タイムゾーンをまたいだ電話会議エチケット: 全員の時間を尊重する

Why Conference Call Etiquette Matters More Across Time Zones

When a co-located team has a 30-minute meeting that runs 15 minutes over, the cost is minor. When a Korean team member joins at 11 PM for a 30-minute call that runs 15 minutes over, the cost is their sleep and their goodwill. The stakes of poor meeting etiquette scale with the inconvenience of attendance.

Before the Call

  • Send an agenda 24–48 hours in advance. Participants joining at inconvenient hours need maximum context to prepare efficiently — they can't casually pop over to ask a clarifying question before the call.
  • Confirm time zones explicitly. Include the meeting time in every participant's local time zone in the invite, plus UTC.
  • State the call length and commit to it. If it's 30 minutes, end at 30 minutes. If you think it might go longer, schedule 45 minutes and say so upfront.
  • Test the tech beforehand. Technical difficulties are more painful for participants in the middle of their night who can't easily reschedule.

Starting the Call

  • Start on time — always.

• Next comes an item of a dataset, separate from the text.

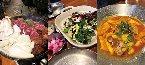 고기가 당길 때 우린 불 판 위에 지글지글 구워 먹는 숯불 고기 혹은 근사하고 포멀한 레스토랑의 스테이크를 떠올린다. 냄새가 배는 고깃집 말고, 부담스럽고 딱딱하지 않은 분위기를 원한다면 이곳을 찾으면 된다. 깔끔하고 아늑한 분위기의 매장, 미국산 프라임 등급의 고품질의 스테이크를 먹을 수 있는 곳이다. 400g의 푸짐한 소고기를 3만5000원의 가격으로 먹을 수 있다는 가성비 또한 솔깃하다. 겉면만 바삭하게 살짝 초벌로 구워 서빙이 되는데, 이후부터는 각 테이블 위에 있는 팬에서 자신이 원하는 굽기로 먹을 수 있다. 식사를 마칠 때까지 고기를 따뜻하게 먹을 수도 있다는 점, 스스로 원하는 굽기를 조절할 수 있다는 점, 버섯과 양파를 넉넉하게 함께 구워 먹을 수 있다는 점까지 아주 만족스럽다. 두툼한 덩어리 고기들이 보기에도 먹음직스럽지만, 입안에서 퍼지는 육즙과 부드러운 식감은 어지간한 스테이크 마니아 모두를 만족시킬 맛과 풍미다. 세트 메뉴 주문 시 샐러드, 바지락 떡볶이, 선택 메뉴(니꾸우동, 야끼카레, 명란파스타) 중 택 1이 가능하다. 스테이크는 200g씩(1만6000원) 추가 주문이 가능해 대식가도 부담 없이 맛있게 먹을 수 있다. 2~3만 원대의 와인리스트도 있다.
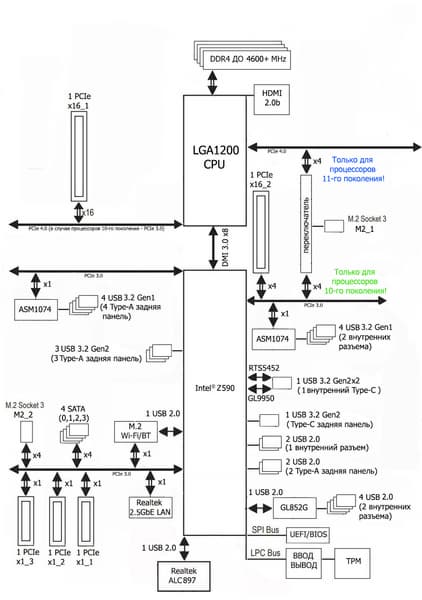 Процессоры Intel Core 11-го поколения (совместимые с сокетом LGA1200 и поддерживаемые Z590) имеют 20 линий ввода-вывода PCIe 4.0, не имеют USB и SATA портов. При этом взаимодействие с Z590 идет по особому каналу Digital Media Interface 3.0 (DMI 3.0), который в Z590 ускорен в 2 раза. Все PCIe линии процессора идут на слоты расширения PCIe и порт М.2. Serial Peripheral Interface (SPI) используется для взаимодействия с системой UEFI/BIOS, а шина Low Pin Count (LPC) — для связи с устройствами ввода/вывода, не требующими высокой пропускной способности (контроллерами вентиляторов, TPM, старой периферии). Процессоры Intel Core 10-го поколения (совместимые с сокетом LGA1200 и поддерживаемые Z490/590) имеют 16 линий ввода-вывода PCIe 3.0, которые идут только на слоты расширения PCIe.

For every minute you delay starting, you are wasting time from someone who gave up sleep or extended their workday.
  • Open with a time zone check-in: "It's 9 AM here in Seoul, 2 PM in London — thank you for joining at [their local time]." This acknowledgment builds goodwill.
  • State the agenda and expected end time in the first 60 seconds. People who joined at an inconvenient time need to know when they'll be free.

During the Call

  • Don't ignore participants joining at off-hours. If you know someone is joining at midnight, explicitly check in with them ("Any questions from your side?") and don't let them be passive observers.
  • Pause for translation and processing time. Non-native speakers on an international call need a beat of silence after complex points. Don't rush.
  • Avoid jargon and idioms that may not translate across cultures.
  • Record the meeting for participants who are affected by time zone but couldn't attend.

After the Call

  • Send a written summary of decisions and action items within 1 hour of the call ending — while others are still awake in their time zone to review.
  • Include the recording link and timestamp of key discussion points.
  • Follow up on blockers raised by participants before their next business day begins.

The Respect Reciprocity Principle

The best global teams develop a culture where inconvenience is acknowledged, rotated, and compensated. If a team member in Seoul consistently joins calls at 11 PM, their manager should actively reduce their meeting load or adjust call times. Silence breeds resentment; acknowledgment builds resilience.